/boto-2.5.2/docs/source/cloudsearch_tut.rst
# · ReStructuredText · 264 lines · 196 code · 68 blank · 0 comment · 0 complexity · 7509bd998b71f9b6df35a53c81a60b12 MD5 · raw file
- .. cloudsearch_tut:
- ===============================================
- An Introduction to boto's Cloudsearch interface
- ===============================================
- This tutorial focuses on the boto interface to AWS' Cloudsearch_. This tutorial
- assumes that you have boto already downloaded and installed.
- .. _Cloudsearch: http://aws.amazon.com/cloudsearch/
- Creating a Domain
- -----------------
- >>> import boto
- >>> our_ip = '192.168.1.0'
- >>> conn = boto.connect_cloudsearch()
- >>> domain = conn.create_domain('demo')
- >>> # Allow our IP address to access the document and search services
- >>> policy = domain.get_access_policies()
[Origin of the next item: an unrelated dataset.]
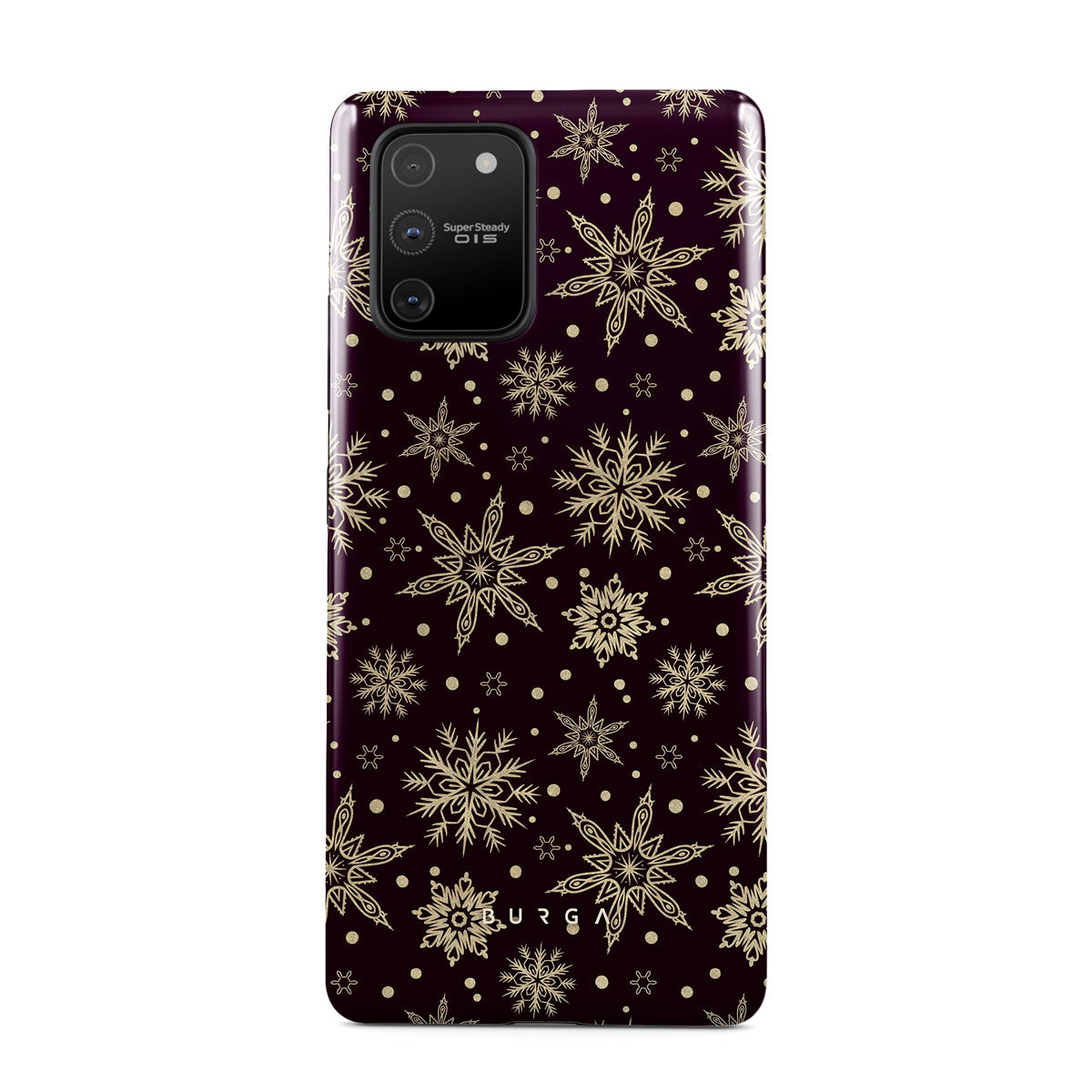 Magical, mythical, and mesmerizing, our Sleeping Beauty Samsung Galaxy S10 Lite phone case is precisely that. The deep burgundy background emphasizes the elegance of the intricate patterns of golden snowflakes. Add a touch of expensive elegance to your device while keeping it safe from all the dangerous falls.

- >>> policy.allow_search_ip(our_ip)
- >>> policy.allow_doc_ip(our_ip)
- >>> # Create an 'text' index field called 'username'
- >>> uname_field = domain.create_index_field('username', 'text')
-
- >>> # But it would be neat to drill down into different countries
- >>> loc_field = domain.create_index_field('location', 'text', facet=True)
-
- >>> # Epoch time of when the user last did something
- >>> time_field = domain.create_index_field('last_activity', 'uint', default=0)
-
- >>> follower_field = domain.create_index_field('follower_count', 'uint', default=0)
- >>> domain.create_rank_expression('recently_active', 'last_activity') # We'll want to be able to just show the most recently active users
-
- >>> domain.create_rank_expression('activish', 'text_relevance + ((follower_count/(time() - last_activity))*1000)') # Let's get trickier and combine text relevance with a really dynamic expression
- Viewing and Adjusting Stemming for a Domain
- --------------------------------------------
- A stemming dictionary maps related words to a common stem. A stem is
- typically the root or base word from which variants are derived. For
- example, run is the stem of running and ran. During indexing, Amazon
- CloudSearch uses the stemming dictionary when it performs
- text-processing on text fields. At search time, the stemming
- dictionary is used to perform text-processing on the search
- request. This enables matching on variants of a word. For example, if
- you map the term running to the stem run and then search for running,
- the request matches documents that contain run as well as running.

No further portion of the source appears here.